Lonely Parents
My mother has always said that the sweetest time in her life was when we were little and she held us in her arms. We would rap our hands around her neck and stare up into her eyes and watch her lips as she spoke and it was the purest form of love and affection one could find in this life.
But what happens when children grow up, move out and starts lives of their own?
What happens when they end up living in another city or country?
Well, they have no choice but to learn to have less of us.
They suffer inside because they are not able to witness all of the magical moments in our lives on a daily basis.
Their Grandchildren come into the world and although they may be there for the day they are born and the celebrations thereafter, sooner or later they have to return home. The distance feels like a million miles away and every moment they miss will never be repeated.
I wonder how many parents keep secrets in regard to the status of their health – mental and physical from their children so as to not worry them?
They can’t bring them to their medical appointments or wait with them at the pharmacy. They can’t serve as their advocate when the medical system fails.
What is life really? It’s love, loss, happiness, sadness. It’s work and play and passion and friendship. It’s about having someone take care of you when you can’t take care of yourself and it’s about caring for them as well.
Life is also about how we treat and honour our parents. We protect them because they protected us.
We all run around worrying about making a living and getting the stove fixed and painting the house and going back and forth to the grocery store because we forgot something again and again. We all plan. We’re going to take a vacation, we’re going to get contact lenses, we’re going to renovate, we're going to get our grey done.
We pray for our kids to be healthy and happy. We want them to do well in school but more so to do well socially – to fit in – to like who they are and who they become. For a parent, this is an eternal prayer.
But somehow when it comes to getting the whole family together in one place at one time it seems like an impossible task. A week becomes a month, a month becomes more months and somehow someone can’t make it and the planning goes on and on and all the while, fate is setting the chess board and one of the players is going down.
No matter where you are or what you are doing. No matter how bad a day you are having or how many worries race in your mind or how many things you need to get done, sometimes you need to stand back and think about what is really important and remember that somewhere else at that very moment, your parents are thinking of you and wondering what you are doing and how you are feeling and wishing they could see you more often.
You are not invincible.
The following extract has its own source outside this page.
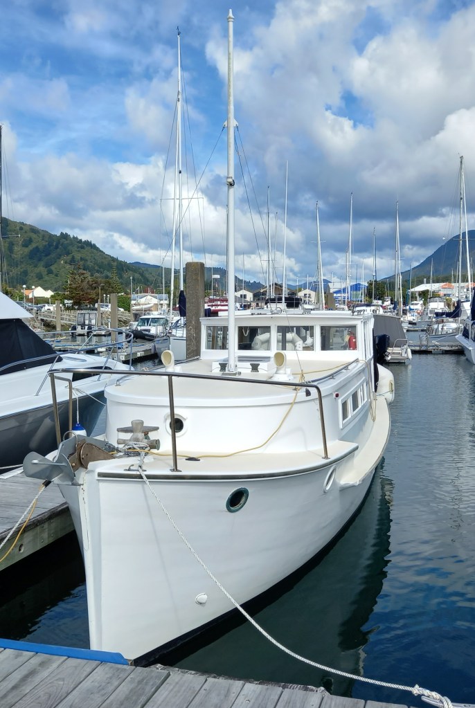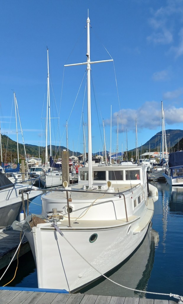 Then there’s the tides. It is a strange spectacle seeing enormous surface turbulence above depths of 50 plus metres, and for a Gulf boatie, being above 140m depth less than half a click offshore seems most peculiar. Then there’s the challenge of anchoring. Most boaties here rely on the network of club moorings because the magnificent hills of the Sounds, tend to go straight down. The Gulf is blessed with great bottom for anchoring. The Sounds are not! And finally, the water temperature…where I habitually dropped the pick in one of many bays in the Gulf islands and dived over for a decent swim, here, on a blistering hot day in mid-summer, one plunges in – and out! But the low temperature probably explains why good antifouling can go a couple of years and need nothing more than a soft waterblast. There are no goddamn barnacles!

You are not here forever and in most cases, your parents will leave you before you leave them and when that terrible day comes – you will feel lost, abandoned, alone and you'll wonder "What just happened? Did that really happen?"
Your mind will play tricks on you and day in, day out you will forget they are gone so you'll pick up the phone to call them or you'll save a joke to tell them or you'll hear a song that reminds you of them. You'll see them in your dreams, very much alive and healthy as if they are trying to tell you that even in death, they look over you and keep you safe.
So while they are still here:
- Call them and listen to the sound of their voice as much as what they have to say.
- Visit them so you can look into their eyes and really know what is going on.
- Meet your mother at the kitchen table when everyone else has gone to sleep. Eat, laugh, confide in her as she holds your hand and looks at you as if you you are the most important person in the world.
- And when the time comes, get up, put on your gloves and be in their corner when that bell rings.